Monday, February 20, 2017

GNs and media

The night bookmobile by Audrey Niffenegger.  Of course I have seen this title and cover before, but something about the description always put me off.  I picked it up because it is my turn to do the in-library display and I did graphic novels and something finally fell into place.

I read this, and when I got to the end, I went back to the front page and read it again.  The book goes in one direction, until a very abrupt turn towards the end.  Re-reading it, knowing what's coming, is a bit different from the first time around.

I wish the graphics were a little less cartoony, that the turn was less abrupt.  4 stars.

Age of reptiles: Ancient Egyptians by Ricardo Delgado.  I guess this won awards?  It was super-highly reviewed?  I don't see the appeal; like 1 and 1/2 stars.

This is a wordless graphic novel; it's very hard to follow the action because of the  very small pictures of various similar-looking dinosaurs.  In one of the introductions-- there are 2 by 2 different people-- the writer talks about anthropormophizing the animals and seeing emotion on their faces, making it such a deep story.  I looked really hard for that and couldn't find it.  I don't know if this isn't the book for me, or if I'm not right for this book.

Embrace with Taryn Brumfitt.  Our local movie theater never got this in-- and they never even replied to all the people who contacted them asking for it.  Poor form.  But this documentary is now on iTunes, so some friends had a little get-together for Girls' Night In.
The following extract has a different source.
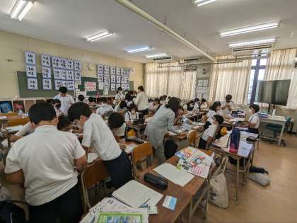 英語の授業の様子です。パソコンを使って外国のことを調べていました。1つ国を決めて、英語で発表するようです。どの国をどのように発表するのか興味がありますね。楽しみです。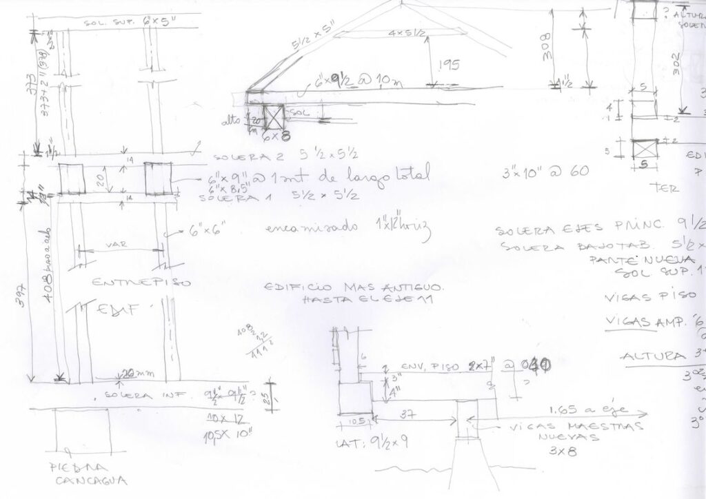 Formulación de plan de intervención en fachada de inmueble de conservación histórica. Los estudios previos comenzaron con un levantamiento crítico enfocado en la fachada, en el que se identificaron lesiones, poniendo énfasis en las deformaciones por hundimiento. En este diseño también se hicieron destapes, para recabar antecedentes del estado de conservación de la estructura.

Not very many of these ideas were really new to me; poking around online, having friends and family who are rockin' women, trying (and failing) to buy clothes in stores or online... no one should be surprised that our consumer culture, the fashion industry, and we ourselves have a very narrow definition of the ideal or even acceptable female body type, and that we should be consciously working to expand those definitions.  This film struck a really nice balance-- no, you don't need to meet these unrealistic measurements to be healthy and lovely, and no, you don't need to tell severely overweight people that they are healthy just how they are.  But however you are, why waste energy wishing you had other features?  Be heart-healthy and eat well, and ignore what the label in your jeans says.